Beats: Allow to overwrite @timestamp with different format

Created on 15 Mar 2019  路  14Comments  路  Source: elastic/beats

For confirmed bugs, please report:

using filebeat to parse log lines like this one:

{"host":"s3-ssl-conn-0.localdomain","service":"sfused","instance":"unconfigured","pid":31737,"trace_type":"op","trace_id":7257574788016540,"span_id":1918366419434151,"parent_span_id":4632228147107467,"@timestamp":"2019-03-15T19:41:07.282853+0000","start_time":1552678867282.853,"end_time":1552678867283.062,"duration_ms":0.208984,"op":"service","layer":"workers_arc_sub","error":false,"cancelled":false,"tid":32534}

returns error as you can see in the following filebeat log:

2019-03-15T19:41:11.564Z        ERROR   jsontransform/jsonhelper.go:53  JSON: Won't overwrite @timestamp because of parsing error: parsing time "2019-03-15T19:41:07.175876+0000" as "2006-01-02T15:04:05Z07:00": cannot parse "+0000" as "Z07:00"

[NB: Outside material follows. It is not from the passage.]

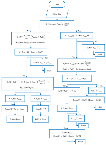 If all the components of the HMS are in close vicinity of the power consumption, then it can be considered that minimal electrical losses will be associated with the distribution of power. The goal of the EMS in the proposed HMS is to implement a management strategy to provide optimal power sharing between all the elements of the HMS. The management strategy to be implemented by the EMS is highlighted in the flowchart shown in Figure 2 [30]. According to this strategy, power generated by the RES (PV plant, wind plant) will be utilized on a priority basis to satisfy the load demand. After meeting the load demands, any excess energy available from these renewable plants will be used in charging the battery units. In case the load demand is higher than the combined power produced by the RES, the EMS will try to fulfil the remaining demand through the battery bank. In an extreme scenario, when all the elements connected with the DC bus fail to meet the load requirements, the diesel generator will be operated to overcome the shortage of power. If any surplus energy is available from the diesel generator, it will be utilized in recharging the battery bank for future requirements. In Figure 2, and denote the energy of the battery at the current time instant and the previous time instant, respectively. stands for charging energy of the battery and denotes its discharging energy The excess energy that is dumped at the current time instant is represented by . and , respectively, denote the minimum and maximum storage capacities of the battery. The equations in the preceding sections contain the rest of the symbols and their corresponding explanation.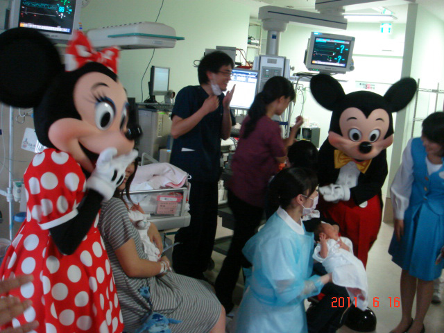 藤野看護部長が、病気療養中で東京ディズニーリゾートにいけない子供達のところに、ミッキーマウスが逢いに来ていただけたらと、手紙を書いて、今回の夢の時間が実現いたしました。

I use a template file where I define that the @timestamp field is a date:

{
    "mappings": {
        "doc": {
            "properties": {
                "layer": {
                    "type": "keyword"
                }, 
                "ip_addr": {
                    "type": "ip"
                }, 
                "string": {
                    "type": "text"
                }, 
                "service": {
                    "type": "keyword"
                }, 
                "@timestamp": {
                    "type": "date"
                }, 
                "parent_span_id": {
                    "index": "false", 
                    "type": "long"
                }, 
                "trace_type": {
                    "type": "keyword"
                }, 
                "trace_id": {
                    "type": "long"
                }, 
                "label": {
                    "type": "keyword"
                }, 
                "ip_port": {
                    "type": "long"
                }, 
                "instance": {
                    "type": "keyword"
                }, 
                "host": {
                    "type": "keyword"
                }, 
                "num": {
                    "type": "keyword"
                }, 
                "end_time": {
                    "type": "double"
                }, 
                "key": {
                    "type": "keyword"
                }, 
                "error": {
                    "type": "boolean"
                }, 
                "cancelled": {
                    "type": "boolean"
                }, 
                "path": {
                    "type": "text"
                }, 
                "span_id": {
                    "index": "false", 
                    "type": "long"
                }, 
                "start_time": {
                    "type": "double"
                }, 
                "op": {
                    "type": "keyword"
                }
            }
        }
    }, 
    "template": "app-traces-*", 
    "settings": {
        "index.refresh_interval": "30s"
    }
}

All 14 comments

I would think using format for the date field should solve this? https://www.elastic.co/guide/en/elasticsearch/reference/current/mapping-date-format.html

Closing this for now as I don't think it's a bug in Beats.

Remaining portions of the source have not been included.